Could traditional healers help increase HIV testing in sub-Saharan Africa?
16 December 2021
HIV testing rates in rural Uganda rose by 77% when traditional healers were trained to carry out HIV tests
A trial in Mbarara District in which traditional healers were trained to provide HIV tests resulted in 77% more people getting tested compared to people who were referred to local HIV clinics.
What is the research about?
Researchers in rural Uganda have studied how effective traditional healers are in carrying out HIV tests.
For the trial, 17 traditional healers in Mbarara District were split into two groups. The first group of 9 healers were trained to provide HIV counselling and testing to 250 of their clients. The remaining 8 were trained to refer 250 of their clients to nearby clinics for an HIV test.
Why is this research important?
HIV testing is essential to control the HIV epidemic. But in some African countries, testing rates are low. For example, in parts of rural Uganda nearly 80% of sexually active men have not taken an HIV test in the past year.
Many people already use traditional healers instead of, or as well as, modern healthcare services. But until now no trial has been done to see whether traditional healers could provide HIV tests as a service.
What did they find out?
Everyone who was offered an HIV test from a traditional healer had one (a testing rate of 100%). But only 57 people (23%) who were referred by a traditional healer to a local clinic for an HIV test went and got tested.
This is a 77% difference in testing uptake. It means the likelihood that someone would test for HIV was 4 times higher if people could get one from a traditional healer instead of being referred.
This 100% testing rate is higher than those reported by other community-based programmes in sub-Saharan Africa, including mobile outreach (97%), home-based HIV testing (80%), and distribution of HIV self-test kits (70%).
Nearly half of all those who were tested by traditional healers were men (46%), a group that is normally difficult to reach.
Ten of the people who were tested by a traditional healer were HIV positive. Of these, 7 went to clinics to confirm their result and start treatment.
Around 190 people in the referral group who did not get an HIV test were asked why. Not having enough time or enough money to go to the clinic were the most common reasons given.
Young adults and people engaging in risky sexual behaviours were less likely to test than others. Interviews with around 100 participants suggest people from these groups were scared to test for HIV at clinics but might trust healers enough to test.
People said they believed their test results would remain confidential if traditional healers did them, more so than if clinic staff tested them for HIV.

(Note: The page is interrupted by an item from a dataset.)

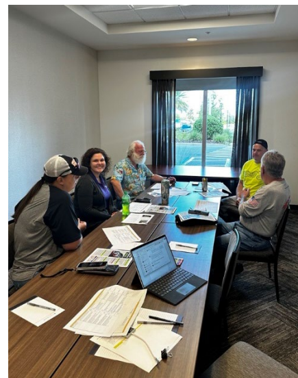
Figure 9. Rider Licensing and Training Emphasis Area breakout.

What does this mean for HIV services?
A traditional healer is found in almost every village in sub-Saharan Africa. So working with them to provide HIV tests could lead to many more people getting tested, particularly people who do not want to test in clinics.
If you want to increase HIV testing, understanding whether the people you are trying to reach would find this a useful way to test could be a good place to start. How much people trust healers will be important to understand, as keeping test results confidential is essential. Training healers to provide counselling and testing that is effective and stigma-free will also be important.